Andi’s reaction had been telling enough and I’d known her
all my life. It took a while for her to get used to the idea. For both of us,
actually. Dad freaked when he found out she knew, but Andi wasn’t dumb, and it
was nearly impossible to keep secrets from her, especially something this big.

The humongous woman who’d just stepped out of the hippie bus
gave me a calmly assessing look but didn’t say anything. She stepped out of the
way for a couple other people to pile out. A second woman stopped in the
doorway of the van. She was not as big as the first but was still tall and
buff, scowling and reminding me of an unhappy Xena, Warrior Princess, wearing
desert camo and a knit Rasta hat.

Unhappy Xena looked me up and down, sneering with disdain.
“This her?” she asked the first woman in Faarian, finally stepping out of the
van. “Scrawny little thing, isn’t she?” she observed. Scrawny? Who was she
calling scrawny? I was a gymnast. I was nothing but muscle! But something told
me not to mess with Unhappy Xena.

“Myrihn, be nice,” the bigger one growled. “She can
obviously understand you.”

“Well she should, Teague, after all that money her mother
spent on tutors all these years,” Myrihn replied.

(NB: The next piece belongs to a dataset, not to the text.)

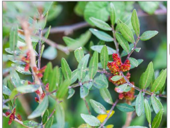
Lentisco Mastic tree ( Pistacia lentiscus )

The last person to exit the van was a diminutive young man,
rounding out the strange bunch. He was completely unlike the two women, with a
pretty face, designer jeans, and a stylish fedora. How did these people come
from the same place?

They left the side door to the van open and immediately went
to the trap doors Dad opened on each side of the barn floor, revealing stairs
into some sort of bunker. The two women, young man, Dad, and Sensei all
disappeared down the stairs and started to bring up box after box to load into
the van. I started to help, feeling awkward standing there, and was shocked at
how many crates and boxes of all sizes were in the concrete bunker that ran the
whole length of the barn underground. I’d known Dad had been collecting
supplies for a while, but this was ridiculous. How were these all supposed to
fit in a VW bus?

I walked over to stand by the edge of the van door,
curiosity pulling me to peek inside. I sucked in a breath and didn’t even look
around when enormo-woman, Teague, walked past me chuckling.

Inside the bus was a huge circular room, with a downstairs
like a 70’s sunken living room – minus the shag carpeting. Cargo nets hung from
the walls, ready to secure the boxes. A floor-to-ceiling cylinder in the center
looked like it had a control room inside.

I jerked my head back to look at the outside. Yep, still a
VW bus. What the heck? I stuck my head back around the door and noticed
no-nonsense looking plastic jump seats with five-point harnesses attached to the
wall all the way around. I really didn’t want to think about strapping myself
into one of those seats.

“Sunny, get out of the way honey,” Dad’s voice intruded on
my astonishment and I jerked back. The look on my face had the crewmembers
laughing. I flushed and went to stand by the wall again while they loaded some
crates as large as the van’s sliding door.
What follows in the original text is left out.